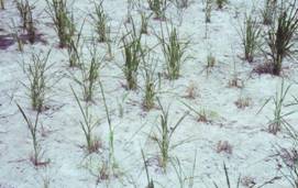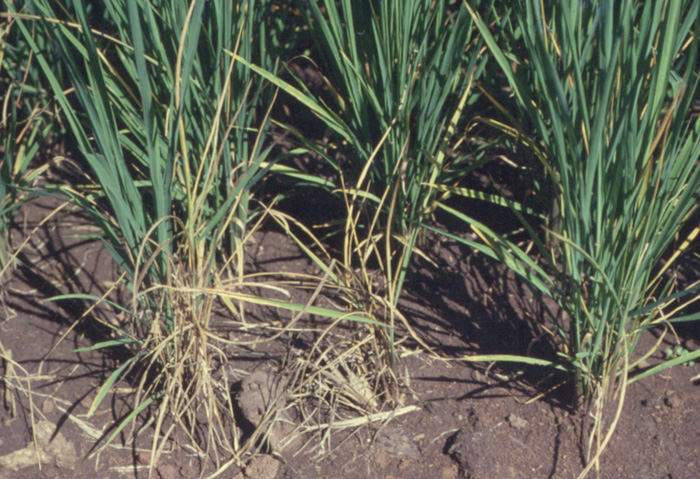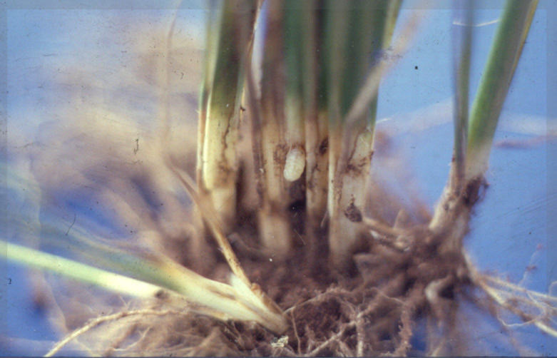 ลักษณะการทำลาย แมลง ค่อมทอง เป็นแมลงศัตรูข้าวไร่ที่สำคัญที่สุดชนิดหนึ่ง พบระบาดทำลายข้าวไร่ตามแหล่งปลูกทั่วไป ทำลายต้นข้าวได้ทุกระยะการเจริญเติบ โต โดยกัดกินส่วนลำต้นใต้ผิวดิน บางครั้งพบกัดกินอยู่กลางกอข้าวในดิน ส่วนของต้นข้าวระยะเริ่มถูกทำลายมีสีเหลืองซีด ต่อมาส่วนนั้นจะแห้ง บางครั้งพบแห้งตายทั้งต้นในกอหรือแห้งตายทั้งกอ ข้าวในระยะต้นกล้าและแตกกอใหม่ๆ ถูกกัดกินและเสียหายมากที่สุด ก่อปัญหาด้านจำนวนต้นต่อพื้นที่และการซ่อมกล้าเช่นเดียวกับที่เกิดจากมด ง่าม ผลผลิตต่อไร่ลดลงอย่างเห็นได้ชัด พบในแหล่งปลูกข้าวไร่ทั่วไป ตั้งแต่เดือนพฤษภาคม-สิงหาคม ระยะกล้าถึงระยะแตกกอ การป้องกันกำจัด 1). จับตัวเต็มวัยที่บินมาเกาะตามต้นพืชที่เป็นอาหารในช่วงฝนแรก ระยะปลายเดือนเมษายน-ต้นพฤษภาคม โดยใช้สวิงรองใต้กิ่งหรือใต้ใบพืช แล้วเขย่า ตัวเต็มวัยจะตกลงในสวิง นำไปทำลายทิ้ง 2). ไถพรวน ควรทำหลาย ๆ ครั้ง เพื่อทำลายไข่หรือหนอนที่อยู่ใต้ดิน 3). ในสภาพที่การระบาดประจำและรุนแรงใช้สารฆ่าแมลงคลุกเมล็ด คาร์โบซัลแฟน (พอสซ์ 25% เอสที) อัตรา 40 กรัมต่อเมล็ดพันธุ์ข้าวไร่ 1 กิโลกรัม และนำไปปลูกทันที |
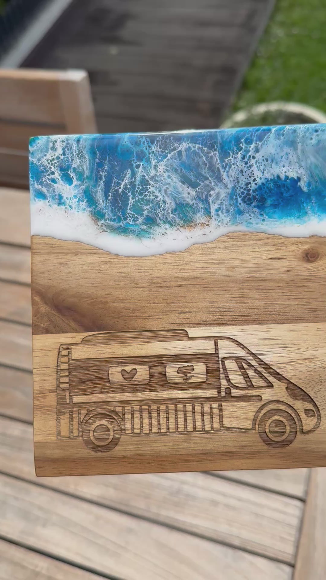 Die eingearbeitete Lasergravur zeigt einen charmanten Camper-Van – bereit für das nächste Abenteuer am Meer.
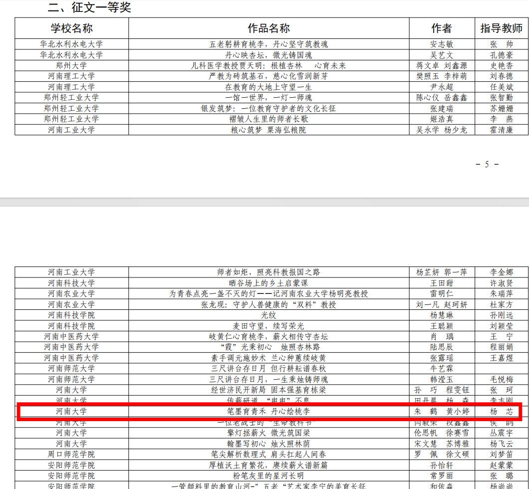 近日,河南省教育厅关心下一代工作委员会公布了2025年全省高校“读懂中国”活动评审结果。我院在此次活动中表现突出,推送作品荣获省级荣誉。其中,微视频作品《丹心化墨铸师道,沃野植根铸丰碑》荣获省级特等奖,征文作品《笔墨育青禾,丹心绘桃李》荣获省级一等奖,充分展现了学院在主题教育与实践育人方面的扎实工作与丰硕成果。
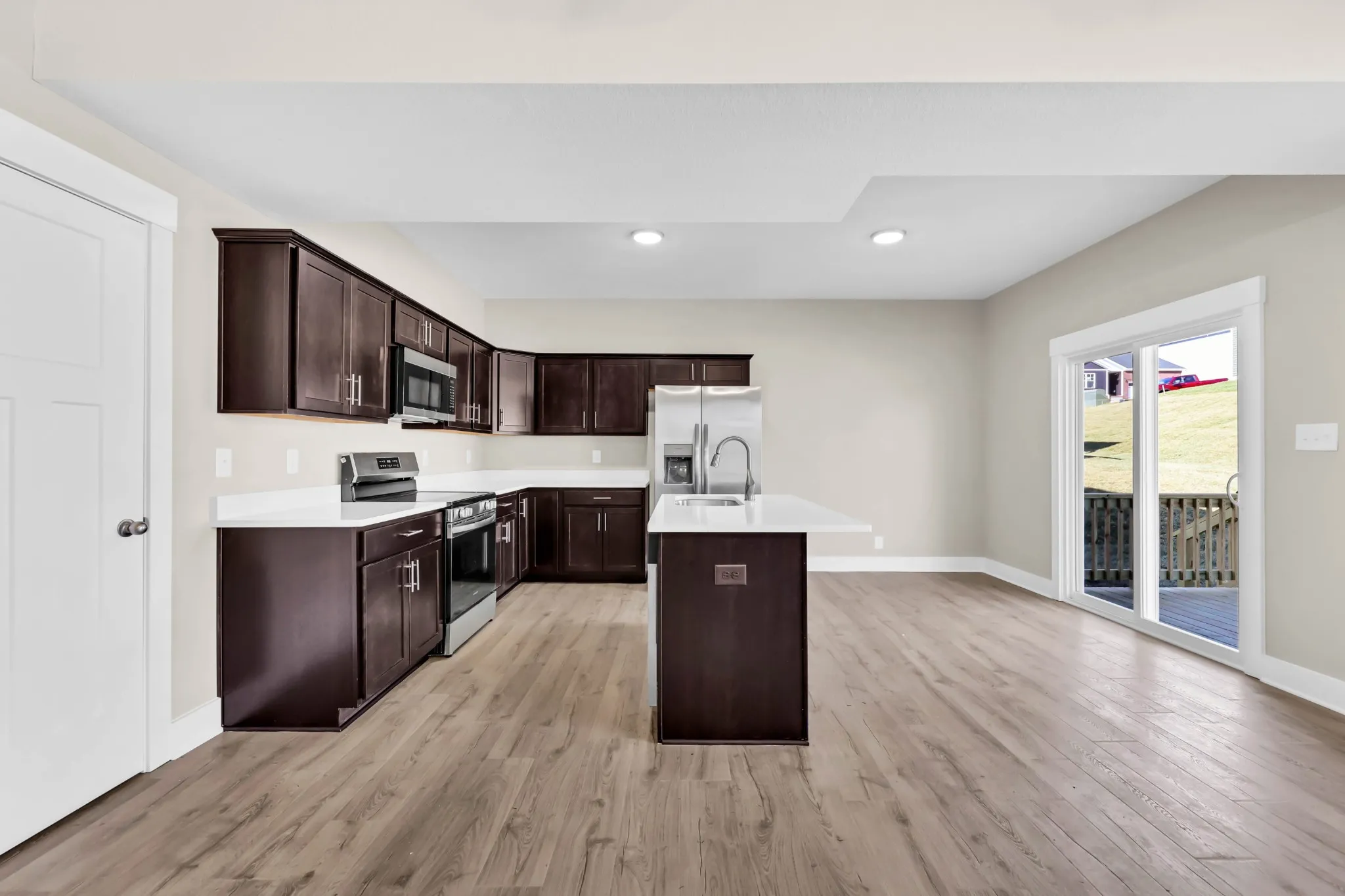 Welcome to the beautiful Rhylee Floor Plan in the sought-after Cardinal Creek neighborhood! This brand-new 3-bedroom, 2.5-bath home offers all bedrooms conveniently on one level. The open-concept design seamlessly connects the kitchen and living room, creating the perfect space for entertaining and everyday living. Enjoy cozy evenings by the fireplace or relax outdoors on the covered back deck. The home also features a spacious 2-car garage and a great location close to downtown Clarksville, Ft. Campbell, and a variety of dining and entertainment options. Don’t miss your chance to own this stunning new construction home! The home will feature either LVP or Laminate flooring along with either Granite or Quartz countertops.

= The task =
Strip the images and return the remaining data exactly.

= Final answer =
 ลักษณะการทำลาย แมลง ค่อมทอง เป็นแมลงศัตรูข้าวไร่ที่สำคัญที่สุดชนิดหนึ่ง พบระบาดทำลายข้าวไร่ตามแหล่งปลูกทั่วไป ทำลายต้นข้าวได้ทุกระยะการเจริญเติบ โต โดยกัดกินส่วนลำต้นใต้ผิวดิน บางครั้งพบกัดกินอยู่กลางกอข้าวในดิน ส่วนของต้นข้าวระยะเริ่มถูกทำลายมีสีเหลืองซีด ต่อมาส่วนนั้นจะแห้ง บางครั้งพบแห้งตายทั้งต้นในกอหรือแห้งตายทั้งกอ ข้าวในระยะต้นกล้าและแตกกอใหม่ๆ ถูกกัดกินและเสียหายมากที่สุด ก่อปัญหาด้านจำนวนต้นต่อพื้นที่และการซ่อมกล้าเช่นเดียวกับที่เกิดจากมด ง่าม ผลผลิตต่อไร่ลดลงอย่างเห็นได้ชัด พบในแหล่งปลูกข้าวไร่ทั่วไป ตั้งแต่เดือนพฤษภาคม-สิงหาคม ระยะกล้าถึงระยะแตกกอ การป้องกันกำจัด 1). จับตัวเต็มวัยที่บินมาเกาะตามต้นพืชที่เป็นอาหารในช่วงฝนแรก ระยะปลายเดือนเมษายน-ต้นพฤษภาคม โดยใช้สวิงรองใต้กิ่งหรือใต้ใบพืช แล้วเขย่า ตัวเต็มวัยจะตกลงในสวิง นำไปทำลายทิ้ง 2). ไถพรวน ควรทำหลาย ๆ ครั้ง เพื่อทำลายไข่หรือหนอนที่อยู่ใต้ดิน 3). ในสภาพที่การระบาดประจำและรุนแรงใช้สารฆ่าแมลงคลุกเมล็ด คาร์โบซัลแฟน (พอสซ์ 25% เอสที) อัตรา 40 กรัมต่อเมล็ดพันธุ์ข้าวไร่ 1 กิโลกรัม และนำไปปลูกทันที |
 Die eingearbeitete Lasergravur zeigt einen charmanten Camper-Van – bereit für das nächste Abenteuer am Meer.
 近日,河南省教育厅关心下一代工作委员会公布了2025年全省高校“读懂中国”活动评审结果。我院在此次活动中表现突出,推送作品荣获省级荣誉。其中,微视频作品《丹心化墨铸师道,沃野植根铸丰碑》荣获省级特等奖,征文作品《笔墨育青禾,丹心绘桃李》荣获省级一等奖,充分展现了学院在主题教育与实践育人方面的扎实工作与丰硕成果。
 Welcome to the beautiful Rhylee Floor Plan in the sought-after Cardinal Creek neighborhood! This brand-new 3-bedroom, 2.5-bath home offers all bedrooms conveniently on one level. The open-concept design seamlessly connects the kitchen and living room, creating the perfect space for entertaining and everyday living. Enjoy cozy evenings by the fireplace or relax outdoors on the covered back deck. The home also features a spacious 2-car garage and a great location close to downtown Clarksville, Ft. Campbell, and a variety of dining and entertainment options. Don’t miss your chance to own this stunning new construction home! The home will feature either LVP or Laminate flooring along with either Granite or Quartz countertops.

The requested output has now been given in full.